PROBLEM DESCRIPTION - Without reproducing any image, print the listing below exactly.

- - -

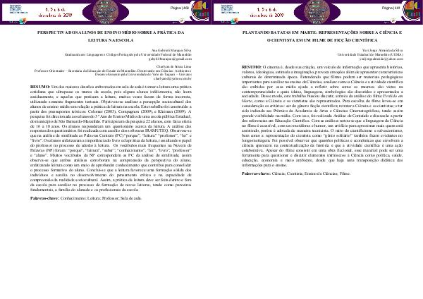 Palavras-chave: Conhecimento; Leitura; Professor; Sala de aula.
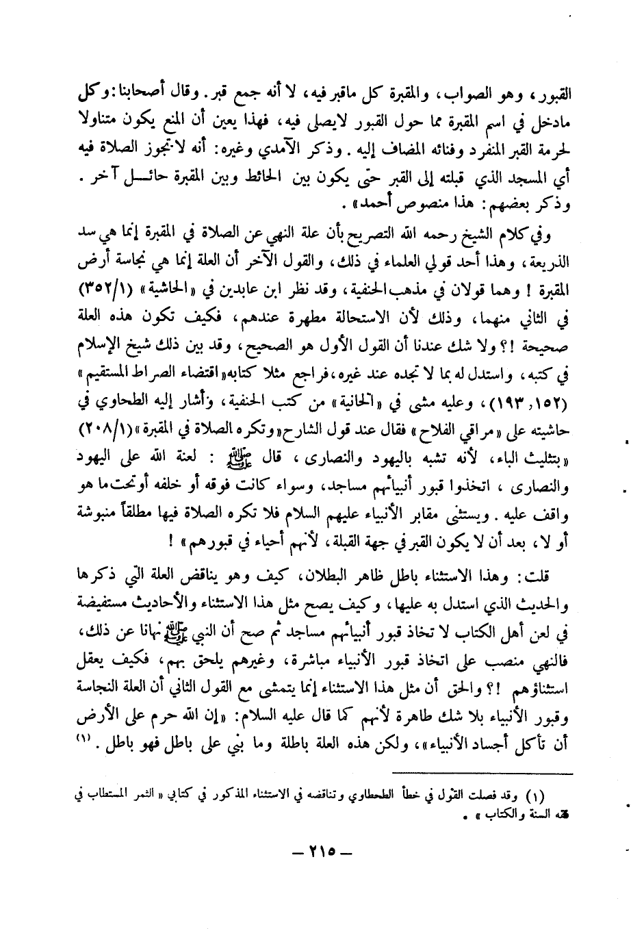 وفي كلام الشيخ رحمه الله التصريح بأن علة النهي عن الصلاة في المقبرة إنما هي سد الذريعة، وهذا أحد قولي العلماء في ذلك، والقول الاخر أن العلة إنما هي نجاسة أرض المقبرة! وهما قولان في مذهب الحنفية، وقد نظر ابن عابدين في (الحاشية) (1/ 352) في الثاني منهما، وذلك لان الاستحالة مطهرة عندهم، فكيف تكون هذه العلة صحيحة!؟ ولا شك عندنا أن القول الأول هو الصحيح، وقد بين ذلك شيخ الاسلام في كتبه، واستدل له بما لا تجده عند غيره، فراجع مثلا كتابه (اقتضاء الصراط المستقيم) (152، 193)، وعليه مشى في (الحانية) من كتب الحنيفة، وأشار إليه الطحاوي في حاشيته على (مراقي الفلاح) فقال عند قول الشارح (وتكره الصلاة في المقبرة) (1/ 208) (بتثليث الباء، لانه تشبه باليهود والنصارى، قال صلى الله عليه وسلم: لعنة الله على اليهود والنصارى، اتخذوا قبور أنبيائهم مساجد، وسواء كانت فوقه أو خلفه أو تحت ما هو واقف عليه. ويستثنى مقابر الأنبياء عليهم السلام فلا تكره الصلاة فيها مطلقا منبوشة أو لا، بعد أن لا يكون القبر في جهة القبلة، لانهم أحياء في قبورهم)!
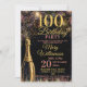 A stylish 100th birthday Party Invitation featuring a bottle of bubbly in gold, fireworks with gold and pink text all on a black background . A lovely design inviting your guests to join you for a 100th birthday party celebration. Easy to customize with your own party details. More text can be added on the back or delete the text box if not needed.
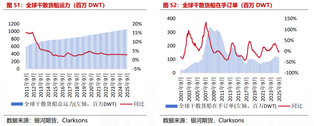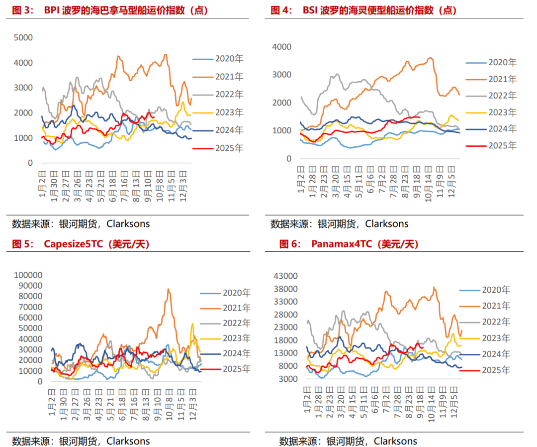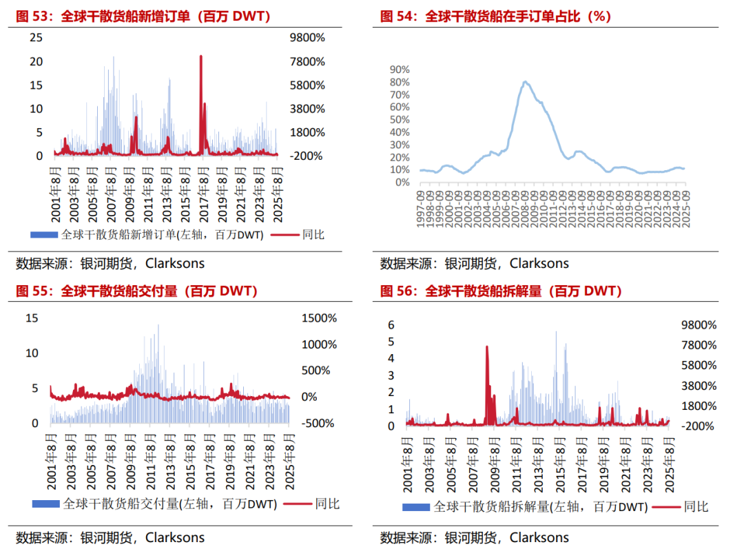 干散货船运力增速持稳。供应方面,截至2025年9月,全球干散货船现有运力14450艘,运力约10.56亿DWT,环比上月+0.18%,同比+2.70%,其中海岬型船共有2048艘,运力约4.05亿DWT,较上月+0.03%,同比+1.21%,占干散货船总运力的38.35%;巴拿马型船共有3295艘,运力约2.68亿DWT,较上月+0.34%,同比+2.93%,占干散货船总运力的25.36%,大灵便型船共有4417艘,运力约2.53亿DWT,较上月+0.28%,同比+4.32%,占干散货船总运力的23.93%,灵便型船共有4690艘,运力约1.3亿DWT,较上月+0.15%,同比+3.85%,占干散货船总运力的12.35%。2025年8月干散货船新船交付35艘,运力约250万DWT,交付运力占现有船舶运力的0.24%。从新增订单来看,8月干散货船新增订单量4艘,运力约17万DWT。从拆解量来看,8月干散货船拆解量10艘,运力约55万DWT。截至2025年9月,手持订单共计1386艘,运力约1.15亿DWT,占现有运力的10.92%。
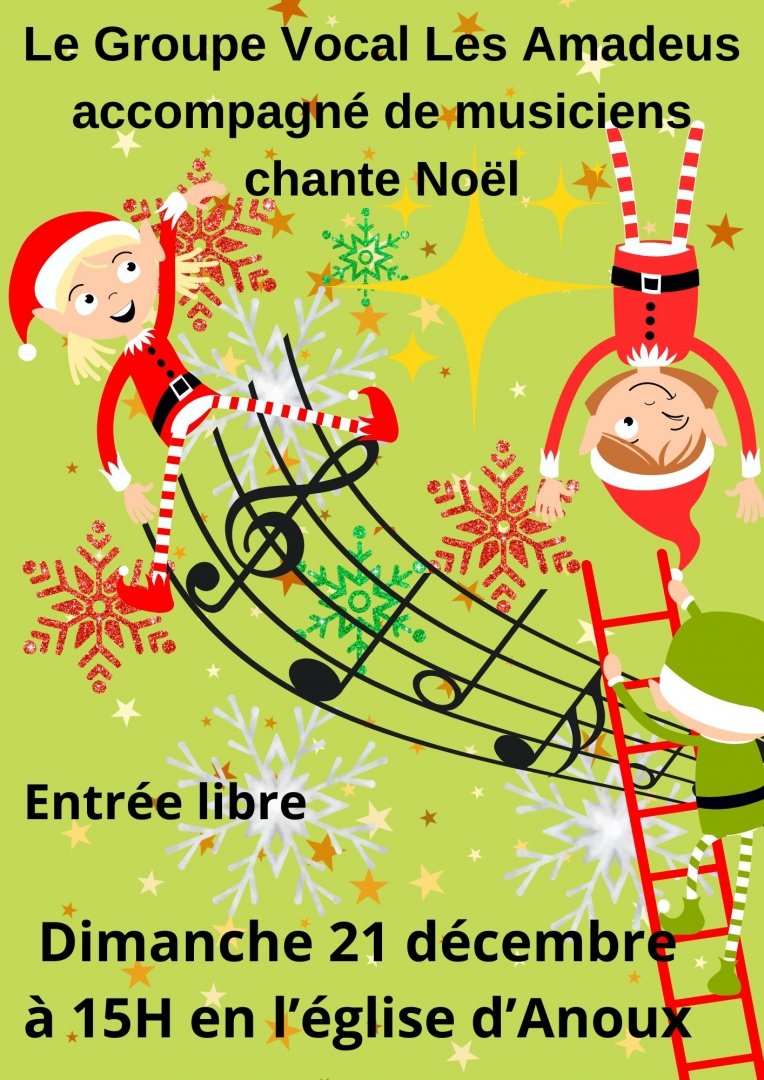 Le groupe vocal "Les Amadeus", accompagné de ses musiciens, chante Noël. Au programme : chants de Noël traditionnels tels qu'"Adeste Fideles" ou "Les Anges dans nos campagnes", mais aussi des arrangements de Noël version jazz. Le tout accompagné de violons, de saxophone, de flûte irlandaise, de percussions et de piano. Venez nombreux partager la joie de Noël avec nous !

- - -

OUTPUT BELOW -
 Palavras-chave: Conhecimento; Leitura; Professor; Sala de aula.
 وفي كلام الشيخ رحمه الله التصريح بأن علة النهي عن الصلاة في المقبرة إنما هي سد الذريعة، وهذا أحد قولي العلماء في ذلك، والقول الاخر أن العلة إنما هي نجاسة أرض المقبرة! وهما قولان في مذهب الحنفية، وقد نظر ابن عابدين في (الحاشية) (1/ 352) في الثاني منهما، وذلك لان الاستحالة مطهرة عندهم، فكيف تكون هذه العلة صحيحة!؟ ولا شك عندنا أن القول الأول هو الصحيح، وقد بين ذلك شيخ الاسلام في كتبه، واستدل له بما لا تجده عند غيره، فراجع مثلا كتابه (اقتضاء الصراط المستقيم) (152، 193)، وعليه مشى في (الحانية) من كتب الحنيفة، وأشار إليه الطحاوي في حاشيته على (مراقي الفلاح) فقال عند قول الشارح (وتكره الصلاة في المقبرة) (1/ 208) (بتثليث الباء، لانه تشبه باليهود والنصارى، قال صلى الله عليه وسلم: لعنة الله على اليهود والنصارى، اتخذوا قبور أنبيائهم مساجد، وسواء كانت فوقه أو خلفه أو تحت ما هو واقف عليه. ويستثنى مقابر الأنبياء عليهم السلام فلا تكره الصلاة فيها مطلقا منبوشة أو لا، بعد أن لا يكون القبر في جهة القبلة، لانهم أحياء في قبورهم)!
 A stylish 100th birthday Party Invitation featuring a bottle of bubbly in gold, fireworks with gold and pink text all on a black background . A lovely design inviting your guests to join you for a 100th birthday party celebration. Easy to customize with your own party details. More text can be added on the back or delete the text box if not needed.
 干散货船运力增速持稳。供应方面,截至2025年9月,全球干散货船现有运力14450艘,运力约10.56亿DWT,环比上月+0.18%,同比+2.70%,其中海岬型船共有2048艘,运力约4.05亿DWT,较上月+0.03%,同比+1.21%,占干散货船总运力的38.35%;巴拿马型船共有3295艘,运力约2.68亿DWT,较上月+0.34%,同比+2.93%,占干散货船总运力的25.36%,大灵便型船共有4417艘,运力约2.53亿DWT,较上月+0.28%,同比+4.32%,占干散货船总运力的23.93%,灵便型船共有4690艘,运力约1.3亿DWT,较上月+0.15%,同比+3.85%,占干散货船总运力的12.35%。2025年8月干散货船新船交付35艘,运力约250万DWT,交付运力占现有船舶运力的0.24%。从新增订单来看,8月干散货船新增订单量4艘,运力约17万DWT。从拆解量来看,8月干散货船拆解量10艘,运力约55万DWT。截至2025年9月,手持订单共计1386艘,运力约1.15亿DWT,占现有运力的10.92%。
 Le groupe vocal "Les Amadeus", accompagné de ses musiciens, chante Noël. Au programme : chants de Noël traditionnels tels qu'"Adeste Fideles" ou "Les Anges dans nos campagnes", mais aussi des arrangements de Noël version jazz. Le tout accompagné de violons, de saxophone, de flûte irlandaise, de percussions et de piano. Venez nombreux partager la joie de Noël avec nous !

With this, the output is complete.